• _WORK TO COMPLETE_: Nothing but the lines from the one with "Цвет #9F58C8 в" through the end of the listing should be reproduced, each exactly and with pictures omitted.
RECORDS FOR THE TASK: Begin
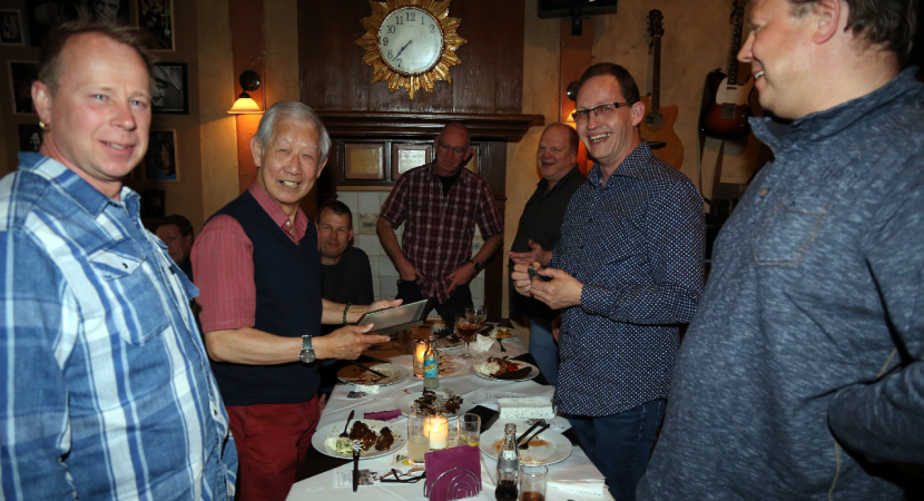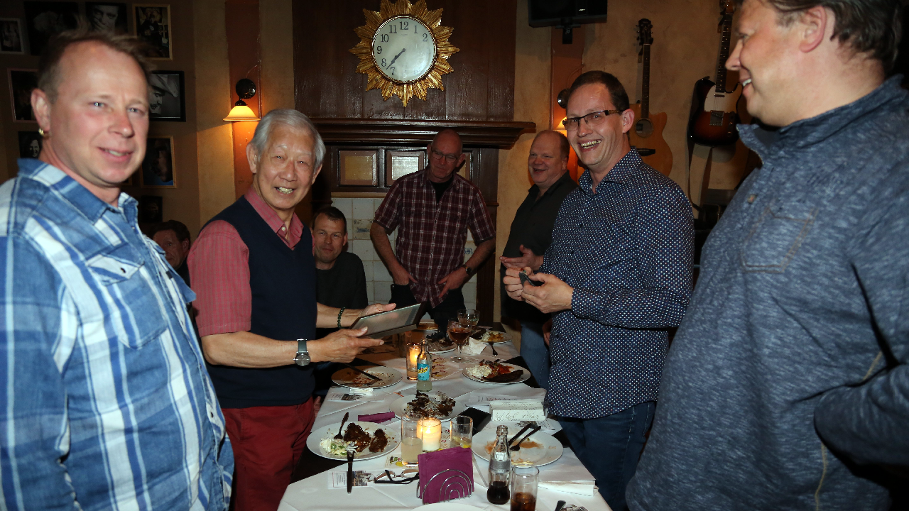 Woensdagavond kwamen de bestuursleden van Schietvereniging De Vrijheid voor een gezellig samenzijn bijeen in Café De Harmonie aan de Voorhaven. Wil Tjoa was naar deze avond met “sliptong eten” in De Harmonie “gelokt” vanwege een huldiging.
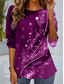 ウィメンズ Tシャツ クルーネック 長袖 チュニック カジュアル プリント レギュラー トップス デイリー ブルー パープル グリーン 春 秋
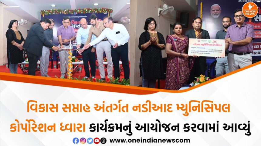 રાજ્ય સરકાર અને શહેરી વિકાસ વિભાગના માર્ગદર્શન મુજબ વિકાસ સપ્તાહ અંતર્ગત નડીઆદ મ્યુનિસિપલ કોર્પોરેશન ધ્વારા આંબેડકર હોલ, નડીઆદ ખાતે કાર્યક્રમનું આયોજન કરવામાં આવ્યું.
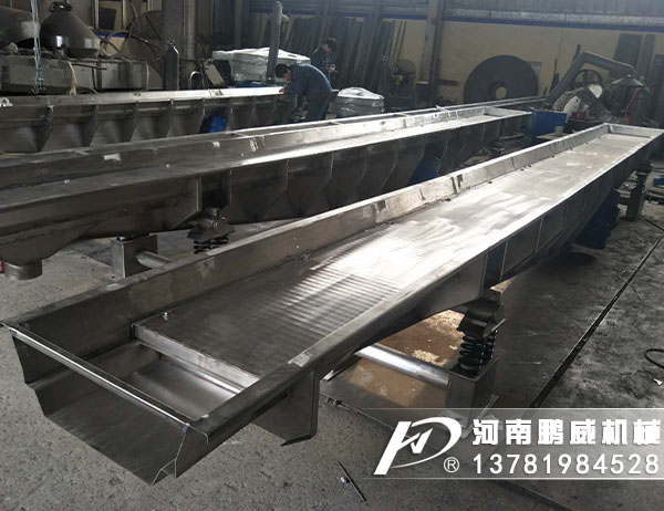 鵬威機械生產的振動輸送機是利用激振器使料槽振動,從而使槽內物料沿一定方向滑行或拋移的連續輸送機械。一般用于水平輸送,生產率小于150t/ h,輸送距離小于80m,傾斜上運時,生產率隨傾角增 大而下降。除激振機構某些零部件外,相對轉動部件很少,結構簡單,可輸送各種粒度的物料,能對灼熱的、易燃易爆的、有毒的、多塵的物料實行封閉輸送,在運送過程中可同時完成篩分、脫水和冷卻等工藝操作。但不宜輸送粘性物料。常用于化工和建材工廠。
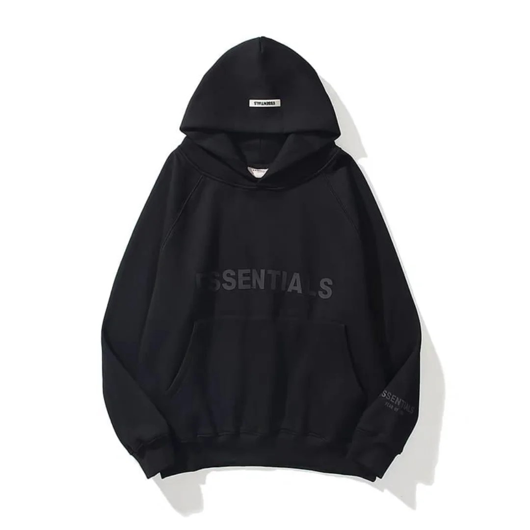 The Essentials Black Hoodie is a stylish and versatile wardrobe staple. Made from premium quality fabric, it features a relaxed fit, a kangaroo pocket, and ribbed cuffs and hem for comfort. The hoodie showcases the iconic "ESSENTIALS" branding subtly embossed on the chest and sleeve, along with a signature label on the hood. Perfect for casual wear, it combines streetwear aesthetics with everyday practicality.
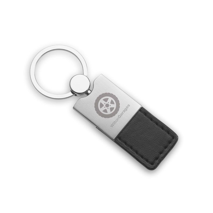 Брелок для ключей с блестящей металлической отделкой и ПУ ремешком. Классический сувенир.
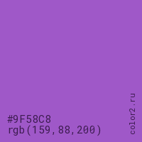 Цвет #9F58C8 в цветовой модели RGB обозначается тремя октетами (159, 88, 200) в десятичном формате и #9F58C8 в шестнадцатиричном (hex) формате, которые являются интенсивностью красного 159 (hex 9F), интенсивность зелёного 88 (hex 58) и интенсивность синего 200 (hex C8).
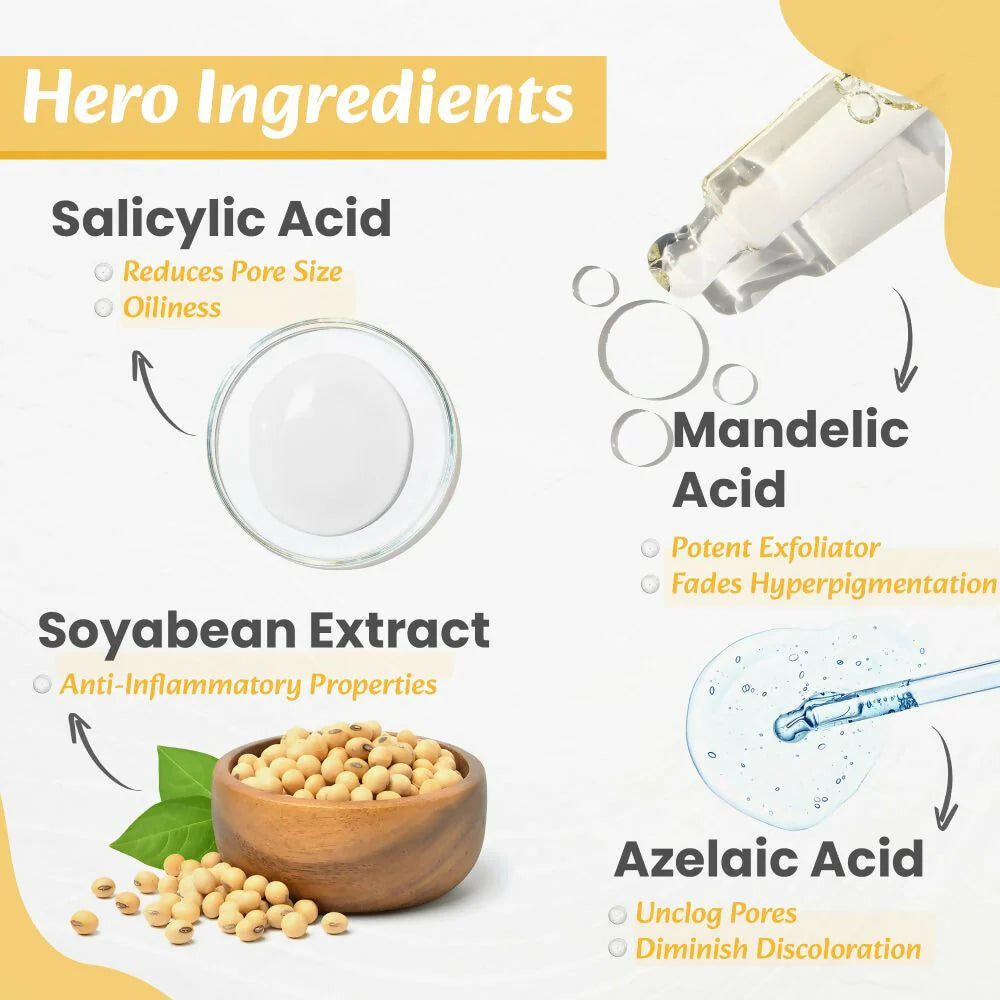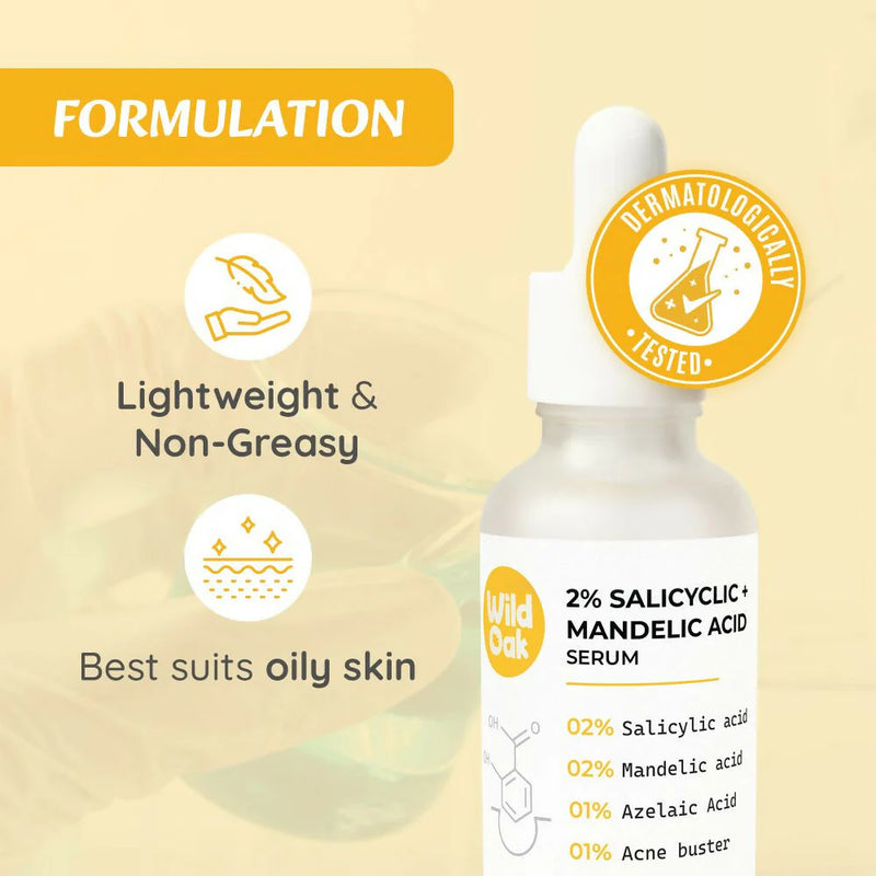 WildOak Anti Acne & Oil Control Face Serum | 3X Power of 2% Salicylic Mandelic & Azelaic Acid | Acne Buster | Anti-Acne Pore Cleansing & Skin Exfoliation | Face Serum for Men & Women | 30ml
RECORDS FOR THE TASK: End
• _ANSWER BELOW_:
 Цвет #9F58C8 в цветовой модели RGB обозначается тремя октетами (159, 88, 200) в десятичном формате и #9F58C8 в шестнадцатиричном (hex) формате, которые являются интенсивностью красного 159 (hex 9F), интенсивность зелёного 88 (hex 58) и интенсивность синего 200 (hex C8).
 WildOak Anti Acne & Oil Control Face Serum | 3X Power of 2% Salicylic Mandelic & Azelaic Acid | Acne Buster | Anti-Acne Pore Cleansing & Skin Exfoliation | Face Serum for Men & Women | 30ml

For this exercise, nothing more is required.